# EXERCISE REQUIREMENTS
Repeat the listing that follows character for character, omitting images.

# DATASET CONTENT
-*-

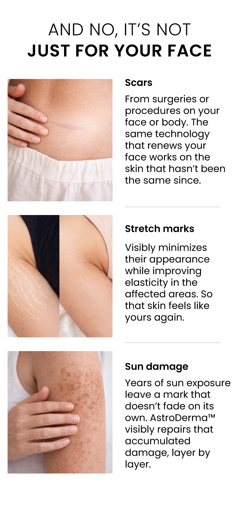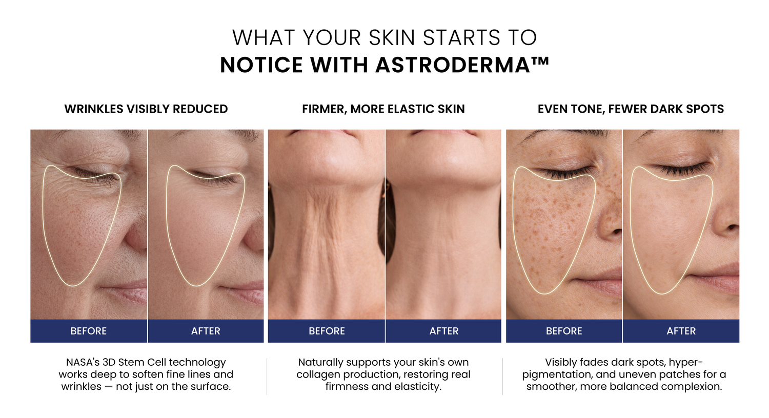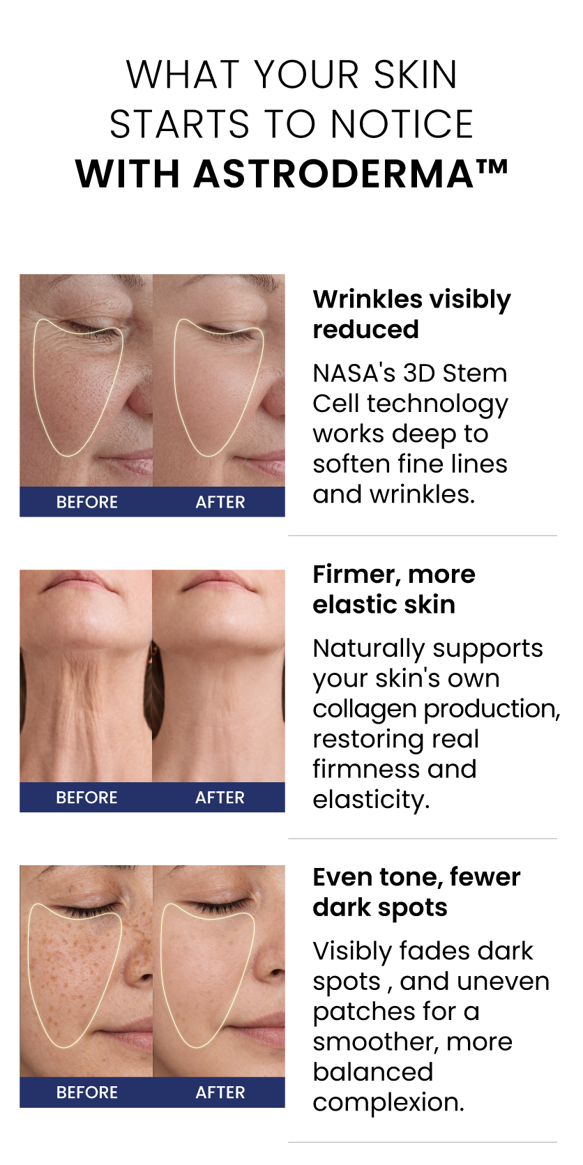 Most luxury creams hydrate and stop there. AstroDerma™ targets regeneration — with stem cells, NAD+, and space-inspired science that most creams don't come close to. If previous creams left your skin soft but not actually different, this was built for exactly that gap.
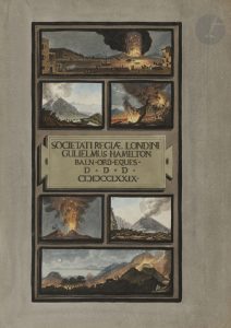 coins, plats de papier dominoté (reliure de l’époque).. . Édition originale du supplément seul, complétant les Observations sur les volcans des deux Siciles parues à Londres en 1776. Elle porte exclusivement sur l’éruption du Vésuve qui se déroula au mois d’Août 1779.. Exemplaire complet du texte mais ne possédant que 3 des 5 planches requises. Ces planches, rehaussées à la gouache et de toute beauté, sont l’œuvre de Pierre Fabris ; elles étaient pratiquement les seules à l’époque à présenter un indéniable intérêt à la fois scientifique et artistique. La première représente 6 vues du Vésuve en éruption, les deux autres, correspondant aux planches 4 et 5 du livre, reproduisent des roches, de la lave, des scories, etc. ramassées au pied du volcan. Les 2 planches manquantes montraient des vues de l’éruption du Vésuve le soir du dimanche 8 août et le matin du 9 août 1779. Un des exemplaires numérisés sur Gallica, dans une reliure quasiment analogue, est également incomplet de ces 2 planches.. Exemplaire dérelié, reliure très abîmée, manques au dos, importantes épidermures. On a collé des cartes géographiques anciennes sur les contreplats. Rousseurs.. Provenance : Edward King, avec signature sur la première garde blanche.
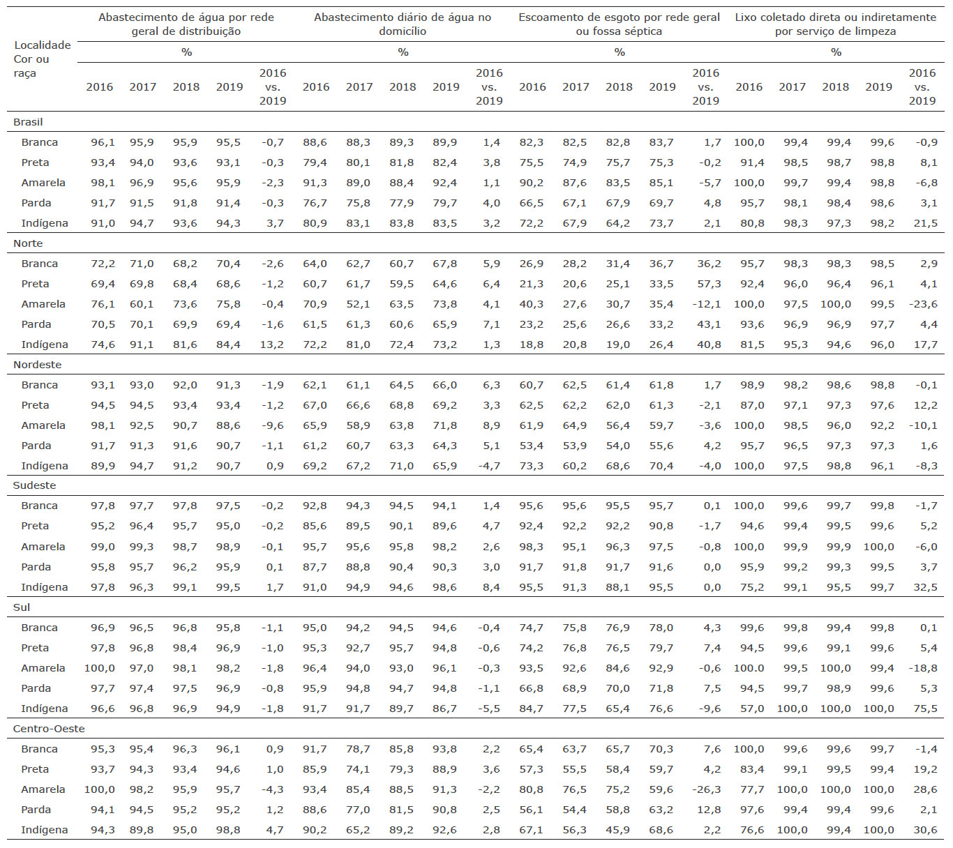 Sobre as características relacionadas ao saneamento básico no Brasil, o abastecimento de água por rede geral de distribuição e lixo coletado por serviço de limpeza são os serviços que apresentam as maiores ocorrências, acima de 90,0 %, para todos os anos e domicílios, independentemente da cor / raça do responsável. A única exceção foi que, em 2016, quando o lixo coletado por serviço de limpeza para indígenas esteve presente em 80,8 % dos domicílios. Os menores percentuais encontrados foram registrados para o serviço de escoamento de esgoto por rede geral ou fossa séptica no Brasil, em particular para domicílios com responsáveis da cor / raça pardos e indígenas. Em relação ao abastecimento diário de água nos domicílios, só ultrapassam 90,0 % os domicílios cuja cor / raça do responsável é amarela, nos anos de 2016 e 2019. Domicílios cujos responsáveis eram pardos, pretos e indígenas apresentam as menores porcentagens em todos os anos analisados. Considerando apenas os anos de 2016 e 2019, os indígenas tiveram os maiores aumentos percentuais no número de domicílios com presença dos serviços de abastecimento de água por rede geral de distribuição (3,7 %) e lixo coletado por serviço de limpeza (21,5 %) (Tabela 3).

-*-

# TASK ANSWER
 Most luxury creams hydrate and stop there. AstroDerma™ targets regeneration — with stem cells, NAD+, and space-inspired science that most creams don't come close to. If previous creams left your skin soft but not actually different, this was built for exactly that gap.
 coins, plats de papier dominoté (reliure de l’époque).. . Édition originale du supplément seul, complétant les Observations sur les volcans des deux Siciles parues à Londres en 1776. Elle porte exclusivement sur l’éruption du Vésuve qui se déroula au mois d’Août 1779.. Exemplaire complet du texte mais ne possédant que 3 des 5 planches requises. Ces planches, rehaussées à la gouache et de toute beauté, sont l’œuvre de Pierre Fabris ; elles étaient pratiquement les seules à l’époque à présenter un indéniable intérêt à la fois scientifique et artistique. La première représente 6 vues du Vésuve en éruption, les deux autres, correspondant aux planches 4 et 5 du livre, reproduisent des roches, de la lave, des scories, etc. ramassées au pied du volcan. Les 2 planches manquantes montraient des vues de l’éruption du Vésuve le soir du dimanche 8 août et le matin du 9 août 1779. Un des exemplaires numérisés sur Gallica, dans une reliure quasiment analogue, est également incomplet de ces 2 planches.. Exemplaire dérelié, reliure très abîmée, manques au dos, importantes épidermures. On a collé des cartes géographiques anciennes sur les contreplats. Rousseurs.. Provenance : Edward King, avec signature sur la première garde blanche.
 Sobre as características relacionadas ao saneamento básico no Brasil, o abastecimento de água por rede geral de distribuição e lixo coletado por serviço de limpeza são os serviços que apresentam as maiores ocorrências, acima de 90,0 %, para todos os anos e domicílios, independentemente da cor / raça do responsável. A única exceção foi que, em 2016, quando o lixo coletado por serviço de limpeza para indígenas esteve presente em 80,8 % dos domicílios. Os menores percentuais encontrados foram registrados para o serviço de escoamento de esgoto por rede geral ou fossa séptica no Brasil, em particular para domicílios com responsáveis da cor / raça pardos e indígenas. Em relação ao abastecimento diário de água nos domicílios, só ultrapassam 90,0 % os domicílios cuja cor / raça do responsável é amarela, nos anos de 2016 e 2019. Domicílios cujos responsáveis eram pardos, pretos e indígenas apresentam as menores porcentagens em todos os anos analisados. Considerando apenas os anos de 2016 e 2019, os indígenas tiveram os maiores aumentos percentuais no número de domicílios com presença dos serviços de abastecimento de água por rede geral de distribuição (3,7 %) e lixo coletado por serviço de limpeza (21,5 %) (Tabela 3).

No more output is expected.